BEGIN Extracted records
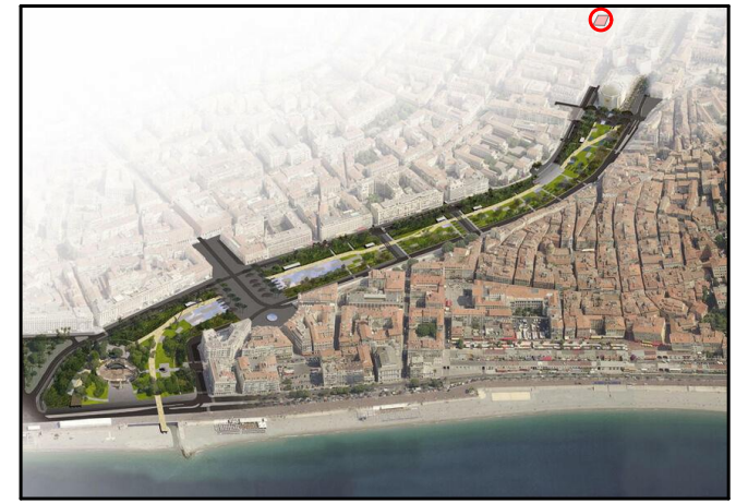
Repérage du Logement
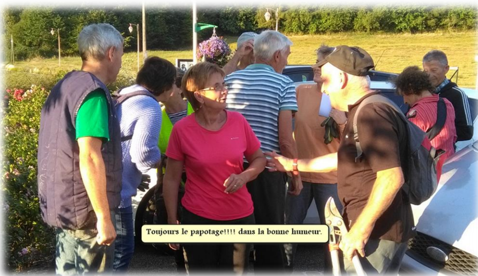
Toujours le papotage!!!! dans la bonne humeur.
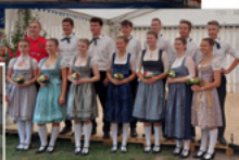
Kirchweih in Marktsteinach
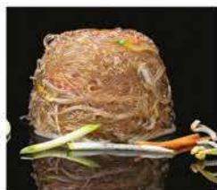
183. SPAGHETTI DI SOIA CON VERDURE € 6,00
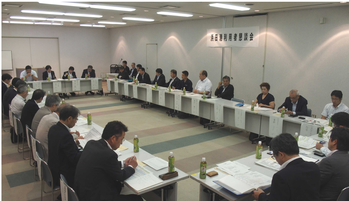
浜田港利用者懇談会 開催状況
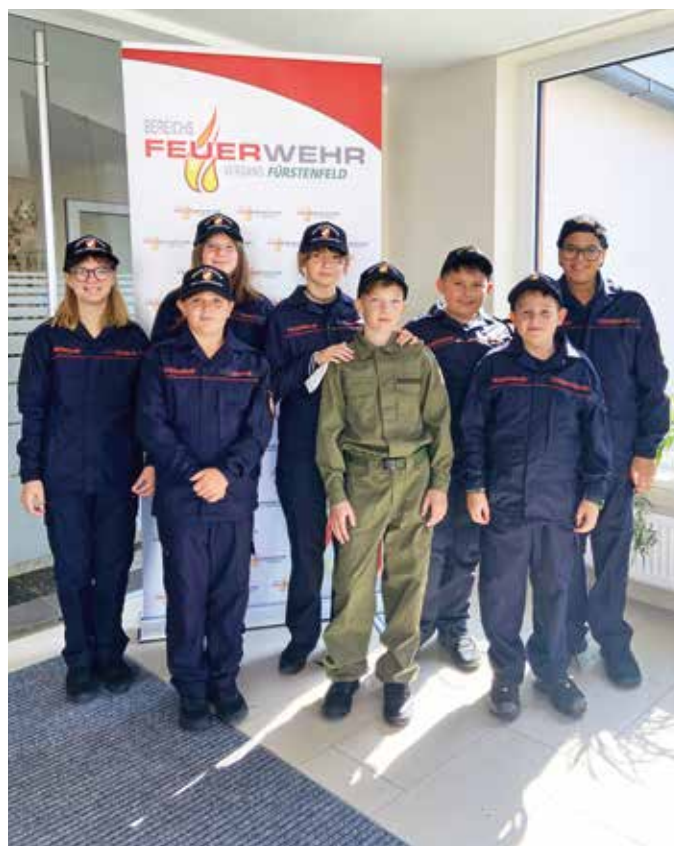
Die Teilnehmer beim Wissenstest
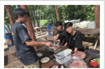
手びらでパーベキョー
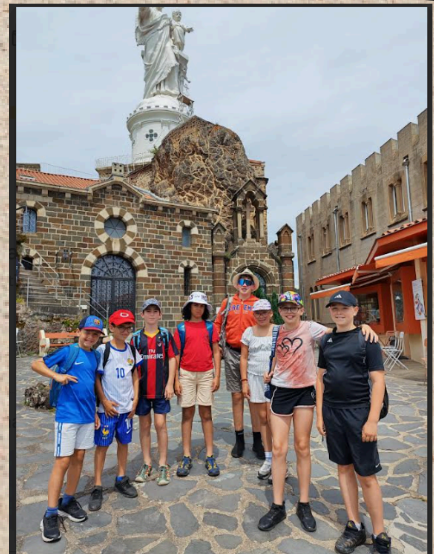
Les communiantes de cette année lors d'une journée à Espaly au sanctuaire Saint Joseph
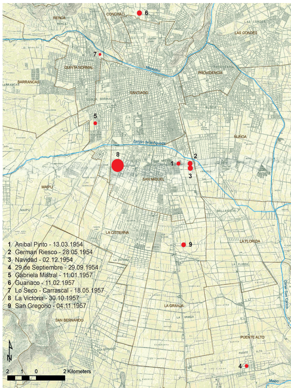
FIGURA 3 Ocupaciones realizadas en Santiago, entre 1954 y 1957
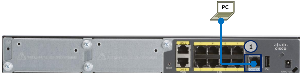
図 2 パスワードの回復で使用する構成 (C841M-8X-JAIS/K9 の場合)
END Extracted records
BEGIN Extracted records
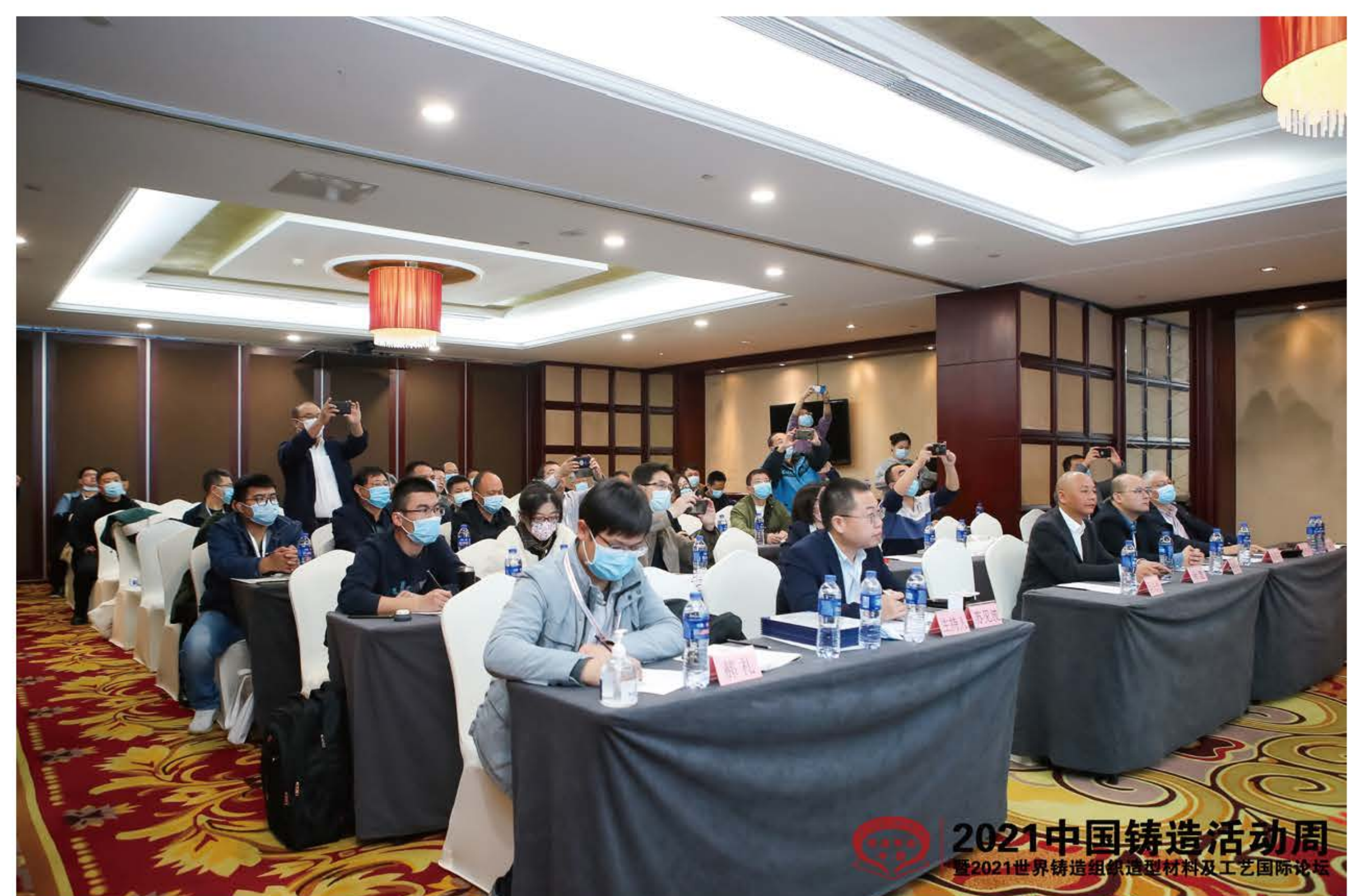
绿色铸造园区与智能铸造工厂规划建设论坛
END Extracted records
BEGIN Extracted records
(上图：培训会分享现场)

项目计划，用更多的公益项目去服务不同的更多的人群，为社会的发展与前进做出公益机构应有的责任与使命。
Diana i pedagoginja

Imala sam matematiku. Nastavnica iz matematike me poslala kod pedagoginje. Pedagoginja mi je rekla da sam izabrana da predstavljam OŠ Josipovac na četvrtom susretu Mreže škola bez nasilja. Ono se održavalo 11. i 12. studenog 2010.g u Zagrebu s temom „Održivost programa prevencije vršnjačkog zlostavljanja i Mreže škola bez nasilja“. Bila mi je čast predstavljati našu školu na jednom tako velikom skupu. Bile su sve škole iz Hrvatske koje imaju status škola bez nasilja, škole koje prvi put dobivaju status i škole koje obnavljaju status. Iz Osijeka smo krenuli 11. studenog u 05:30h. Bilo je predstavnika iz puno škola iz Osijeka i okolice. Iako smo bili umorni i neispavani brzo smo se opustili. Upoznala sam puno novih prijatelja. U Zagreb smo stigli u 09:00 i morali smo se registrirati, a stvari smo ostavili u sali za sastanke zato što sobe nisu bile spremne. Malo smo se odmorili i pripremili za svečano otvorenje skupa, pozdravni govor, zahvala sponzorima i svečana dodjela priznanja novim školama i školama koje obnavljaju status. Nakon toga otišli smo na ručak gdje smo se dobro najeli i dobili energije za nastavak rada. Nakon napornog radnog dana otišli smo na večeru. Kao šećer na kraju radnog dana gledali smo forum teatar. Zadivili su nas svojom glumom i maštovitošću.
END Extracted records
§ Description of the task:
Using the data above, give again exactly the lines starting at the one holding "Les communiantes de" and ending at the one holding "図 2 パスワードの回復で使用する構成 (C841M-8X-JAIS/K9 の場合)", inclusive, and nothing more. Omit the pictures.

§ Response box:
Les communiantes de cette année lors d'une journée à Espaly au sanctuaire Saint Joseph
FIGURA 3 Ocupaciones realizadas en Santiago, entre 1954 y 1957
図 2 パスワードの回復で使用する構成 (C841M-8X-JAIS/K9 の場合)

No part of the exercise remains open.